__PROBLEM DESCRIPTION__: Your output should be exactly the lines from the one containing "7.76ct Blue Sapphire & Diamond Hoop Earrings" through the last line of the listing, and nothing else. Pictures stay out.

__PROVIDED RECORDS__:

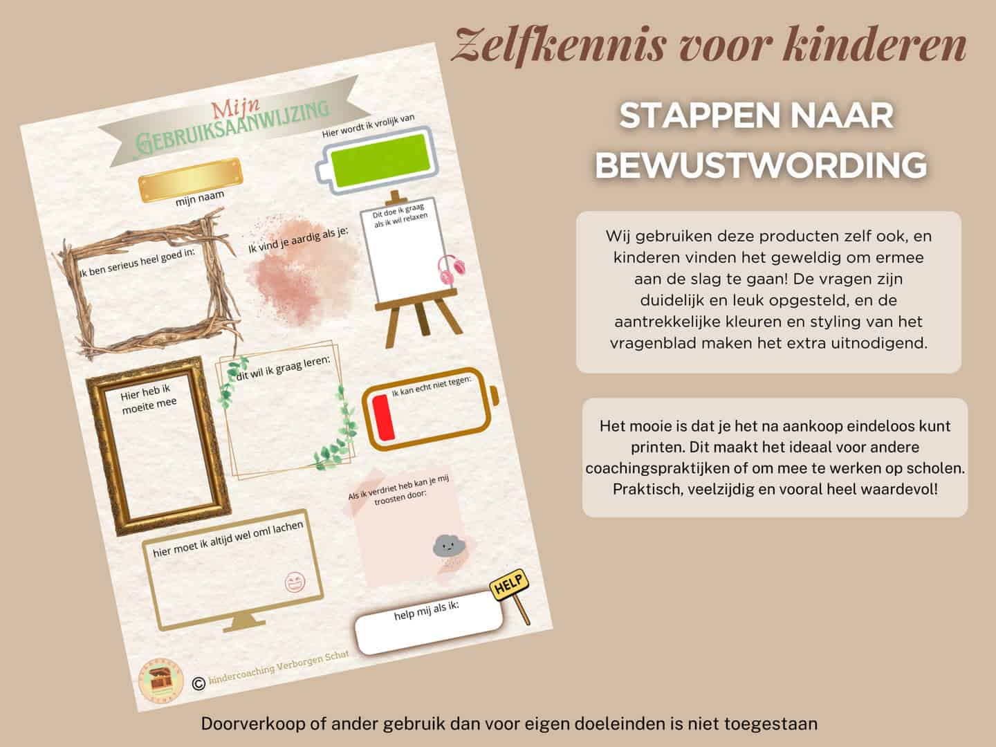 Ontdek de kracht van zelfonderzoek bij kinderen met deze uitgebreide coaching-sheet! Dit hulpmiddel is een waardevolle activiteit om kinderen te begeleiden in het ontdekken van hun eigen identiteit en zelfwaardering.
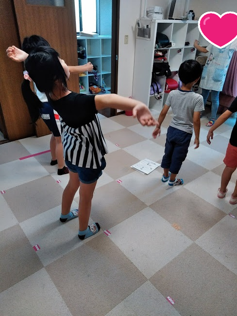 基本的な動きを教えてから、曲を流して踊りました。
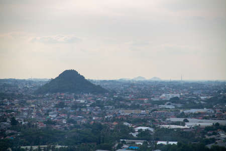 Aerial view of countryside a city view near the central market in the city Nonthaburi Province, Thailand, There is an empty space on top for the design.
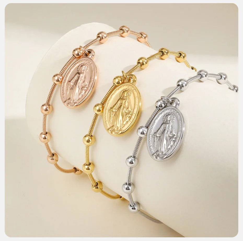 Entretejida en esta pulsera encontrarás cuentas estilo rosario, un delicado dije de cruz y una medalla luminosa de La Virgen—cada detalle es un susurro de fe, devoción y resistencia. En la tradición mexicana, ella no es solo la Virgen María del catolicismo, sino una manifestación radiante de la energía femenina sagrada—honrada con ritual, oración y raíces ancestrales.
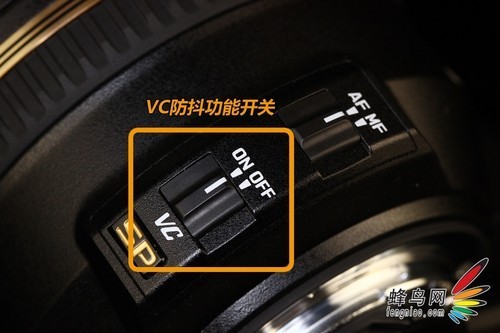镜头的一侧有两个开关,一个为对焦模式调节,另一个便是VC防抖的开关,防抖效果如何我们会在后面的测试中展现。
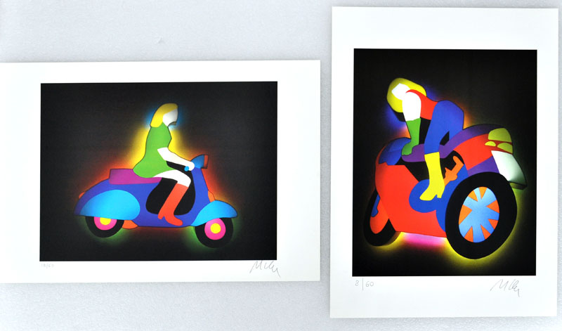 MARCO LODOLA Lotto unico di due litografie a colori - Ragazza in vespa – es. 19/60 cm. 34x48 - Ragazza sulla moto – es. 8/60 cm. 48x34 Firma e tiratura in basso
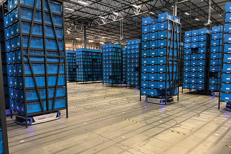 “The Geek+ system can dynamically slot and re-slot inventory based off a heat score assigned to each active SKU,” Kraft says. “The heat score assigned to a SKU can be determined by historical velocity data, actual or predicted demand, or any combination of the above.”
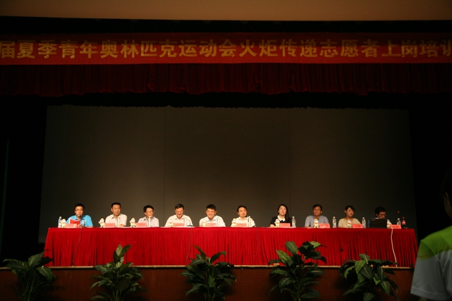 培训开始前,青奥组委会文化教育部部长焦勇为火炬传递志愿者代表授旗,授旗仪式标志着“分享青春线”和“共筑未来线”火炬传递工作的正式启动。
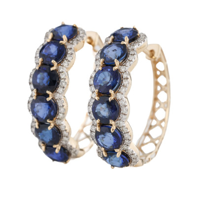 7.76ct Blue Sapphire & Diamond Hoop Earrings
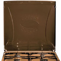 Чуть кривоватая решетка над комфорками. При невключенном освещении духовки - термометр малозаметен.
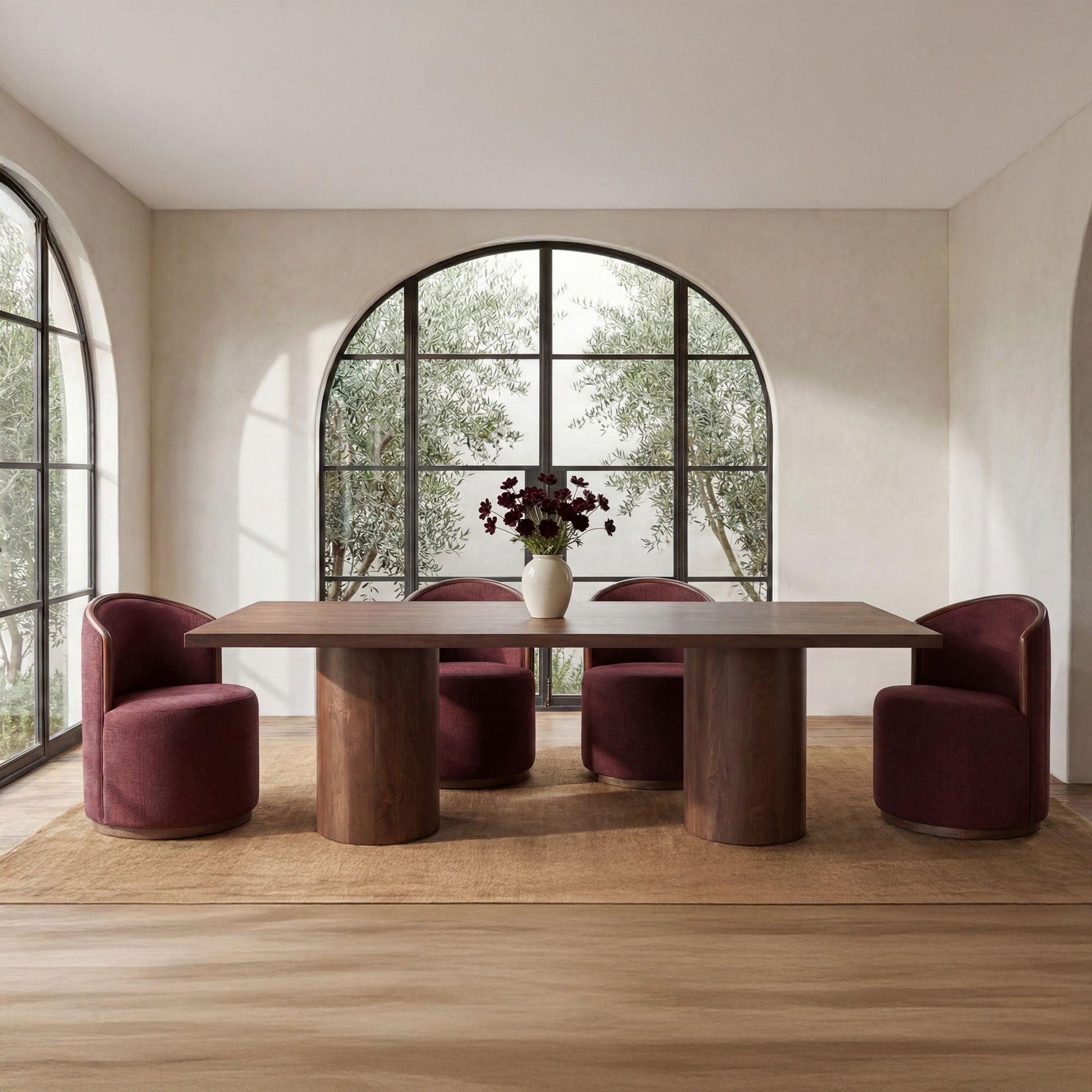 - Grounded Profile: Rectangular top and cylindrical bases create a calm, architectural stance that reads modern, but never cold, in dining spaces today.

__REPLY TO THE TASK__:
 7.76ct Blue Sapphire & Diamond Hoop Earrings
 Чуть кривоватая решетка над комфорками. При невключенном освещении духовки - термометр малозаметен.
 - Grounded Profile: Rectangular top and cylindrical bases create a calm, architectural stance that reads modern, but never cold, in dining spaces today.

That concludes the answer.